Seit dem Bootsunglück im Mittelmeer, bei dem gegen 800 Flüchtlinge ums Leben kamen, fordern Politiker die Schaffung legaler Migrationswege. Wie drängend das Problem ist, zeigte sich am vergangenen Wochenende erneut in erschreckender Deutlichkeit: Über 6000 Menschen gerieten in Seenot und mussten gerettet werden.
Die Schweiz kennt ein Instrument für die legale Flucht, das «Visum aus humanitären Gründen». Es wurde 2012 als Ersatz für das Botschaftsasyl eingeführt. Wer an Leib und Leben bedroht ist, kann sich auch heute an eine Schweizer Vertretung wenden. Nach einer Fallprüfung kann der Bund eine Einreise in die Schweiz erlauben.
BLICK-Recherchen zeigen aber, dass diese legale Brücke aus dem Elend äusserst schmal ist. Trotz einzigartiger Flüchtlingskrise erhielten zwischen Herbst 2012 und April 2015 nur 191 Personen ein humanitäres Visum, rund 70 pro Jahr. 1247 Gesuche lehnten die Bundesbehörden ab. Vom Botschaftsasyl hatten noch erheblich mehr Flüchtlinge profitiert. Nämlich rund 200 Personen pro Jahr.
Beim Staatssekretariat für Migration (SEM) verteidigt man die tiefen Zahlen: Das humanitäre Visum sei nur für Einzelfälle gedacht. Wer Schutz brauche, erhalte Schutz, so SEM-Sprecher Martin Reichlin.
Für Kritiker ist jedoch klar: Die Behörden sind zu streng. SP-Nationalrätin Cesla Amarelle bezeichnet die Bewilligungspraxis als «äusserst restriktiv». Flüchtlinge, die ihre Heimat verlassen müssten und den Antrag für ein humanitäres Visum in einem Drittstaat stellten, hätten kaum Aussicht auf Erfolg, so Amarelle.
«Ihnen wird entgegnet, dass sie sich in einem Drittstaat und damit nicht mehr in Not befänden. Ihr Visumsantrag wird deshalb verweigert.» Nun fordert Amarelle breitere Massnahmen: massive humanitäre Kontingente.
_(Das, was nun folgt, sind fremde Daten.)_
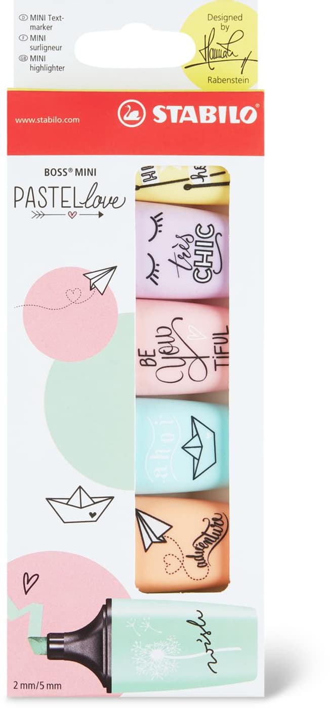 The BOSS Mini Pastellove highlighters line includes six trendy pastel colors in the mini BOSS shape. The 3-color set contains one each of lilac haze, hint of mint and creamy peach. The 6-color set contains one each of all the pastel colors (hint of mint, creamy peach, touch of turquoise, pink blush, lilac haze, and milky yellow). These little highlighters are must-haves for lovers of lettering and fans of soft colors. The fresh pastel colors are also a gentle alternative to the conventional neon shades of the BOSS family.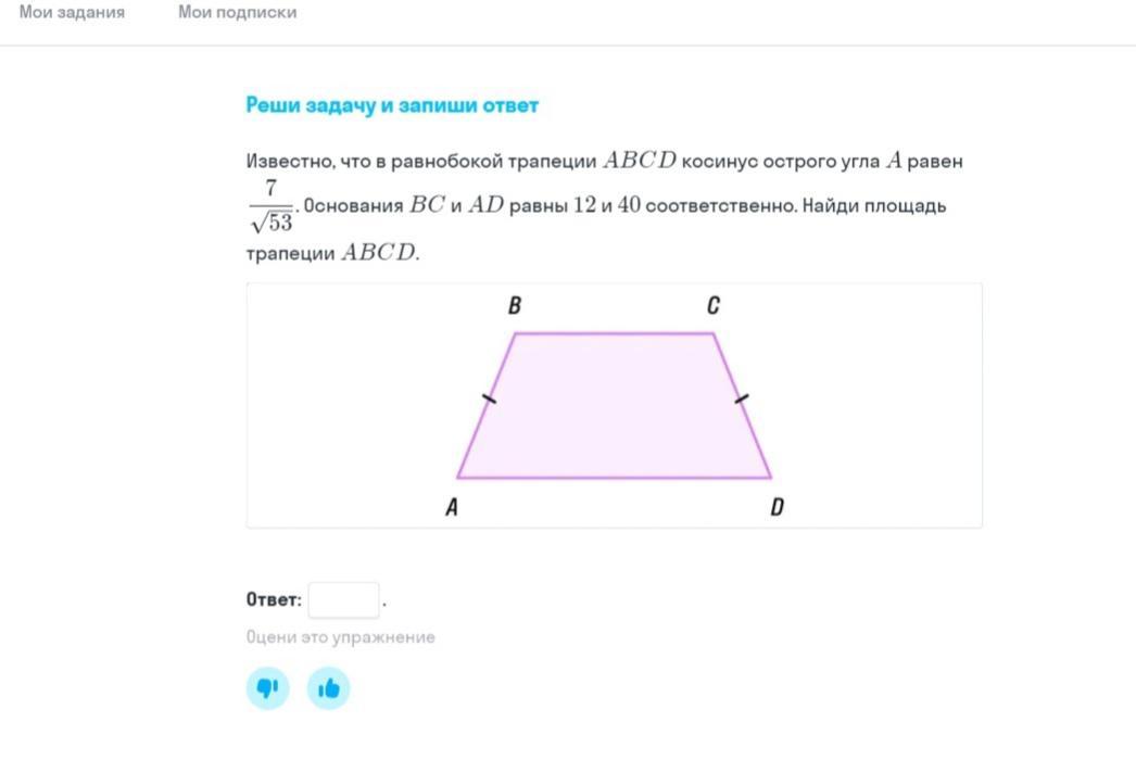 Опустим высоту BH. Получили прямоугольный треугольник BHA (∠ BHA = 90°). Так как косинус - это отношение прилежащего угла к гипотенузе, получаем, что AH = 7, AB = .

Ganz anders tönt es bei Bürgerlichen.
Bezüglich der Schaffung von neuen «legalen Migrationswegen» ist SVP-Migrationspolitiker Heinz Brand «sehr skeptisch». Er befürchtet einen noch stärkeren Andrang von Asylbewerbern. «Unsere Aufnahmekapazitäten und Ressourcen sind begrenzt», sagt Brand.